In addition to the "Western KP" in the Moscow region, 40 km south of Komsomolsk-on-Amur, on the shores of Lake Khummi, the "Eastern KP" ("Gaiter-1") was built. At the control center of the early warning system in the central part of the country and in the Far East, information received from spacecraft was continuously processed, with its subsequent transfer to the Main Missile Attack Warning Center (MC PRN), located near the village of Timonovo, Solnechnogorsk district, Moscow region (“Solnechnogorsk- 7").
Google earth snapshot: "Eastern KP"
Unlike the "Western KP", which is more dispersed on the ground, the object in the Far East is located much more compactly, seven parabolic antennas under radio-transparent domes white color lined up in two rows. Interestingly, nearby were the receiving antennas of the Duga over-the-horizon radar, which is also part of the early warning system. In general, in the 1980s, an unprecedented concentration of military units and formations was observed in the vicinity of Komsomolsk-on-Amur. The large Far Eastern military-industrial center and the units and formations stationed in this area were protected from air strikes by the 8th Air Defense Corps.
After the Oko system was placed on combat duty, work began on the creation of its improved version. This was due to the need to detect launching missiles not only from the continental United States, but also from other regions of the globe. Deployment new system US-KMO (Unified System for Control of the Seas and Oceans) "Oko-1" with satellites in geostationary orbit began in the Soviet Union in February 1991 with the launch of a second-generation spacecraft, and it was already adopted by the Russian armed forces in 1996. Distinctive feature of the Oko-1 system was the use of vertical observation of the launch of missiles against the background of the earth's surface, this makes it possible not only to register the fact of the launch of missiles, but also to determine the direction of their flight. For this, satellites 71X6 (US-KMO) are equipped with an infrared telescope with a mirror 1 m in diameter and a solar protective screen 4.5 m in size.
The full constellation of satellites was to include seven satellites in geostationary orbits and four satellites in high elliptical orbits. All of them, regardless of the orbit, are capable of detecting launches of ICBMs and SLBMs against the background of the earth's surface and cloud cover. The launch of satellites into orbit was carried out by the Proton-K launch vehicle from the Baikonur cosmodrome.
It was not possible to implement all the plans to build the SPRN orbital constellation; in total, 8 US-KMO vehicles were launched from 1991 to 2012. By the middle of 2014, there were two 73D6 devices in the limitedly functional system, which could work only a few hours a day. But in January 2015, they also failed. The reason for this situation was the low reliability of onboard equipment, instead of the planned 5-7 years of active work, the service life of the satellites was 2-3 years. The most annoying thing is that the liquidation of the Russian satellite constellation of warning about a missile attack did not occur during the time of Gorbachev's "perestroika" or Yeltsin's "Time of Troubles", but in the well-fed years of "revival" and "rising from his knees", when huge funds were spent on "image events ". Since the beginning of 2015, our missile attack warning system has been based only on over-the-horizon radars, which, of course, reduces the time it takes to make a decision on a retaliatory strike.

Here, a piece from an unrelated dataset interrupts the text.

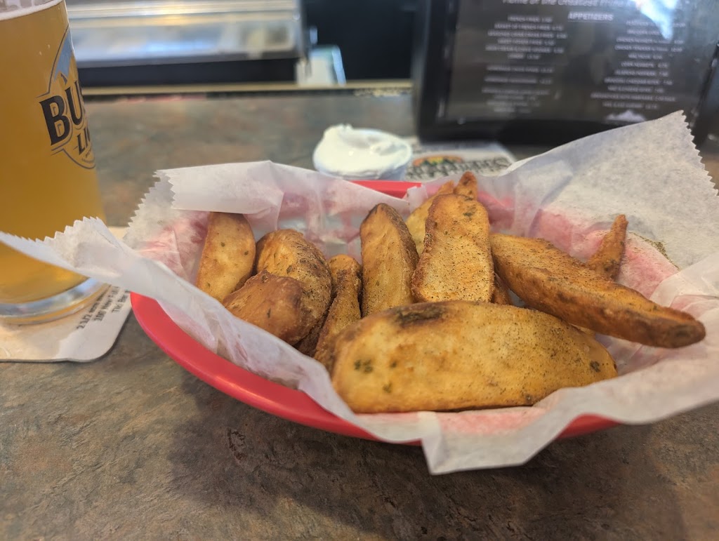 The prime rib sandwich was good. I got the “meaty mix as an appetizer”. It had average school lunch mini corn dogs fries and tv dinner chicken nuggets. It also had wings but you get charged extra for sauce. Definitely under staffed. Pretty expensive to

Unfortunately, with the ground part of the satellite warning system, too, everything was not going smoothly. On May 10, 2001, a fire broke out at the TsKP in the Moscow region, while the building and ground communications and control equipment were seriously damaged. According to some reports, direct damage from the fire amounted to 2 billion rubles. Due to the fire, communication with Russian early warning satellites was lost for 12 hours.
In the second half of the 90s, on a top secret Soviet time object near Komsomolsk-on-Amur as a demonstration of "openness" and "gesture of good will" a group of "foreign inspectors" was admitted. Then, especially for the arrival of the "guests", at the entrance to the "Eastern KP" they hung a sign "Center for Tracking Space Objects", which still hangs.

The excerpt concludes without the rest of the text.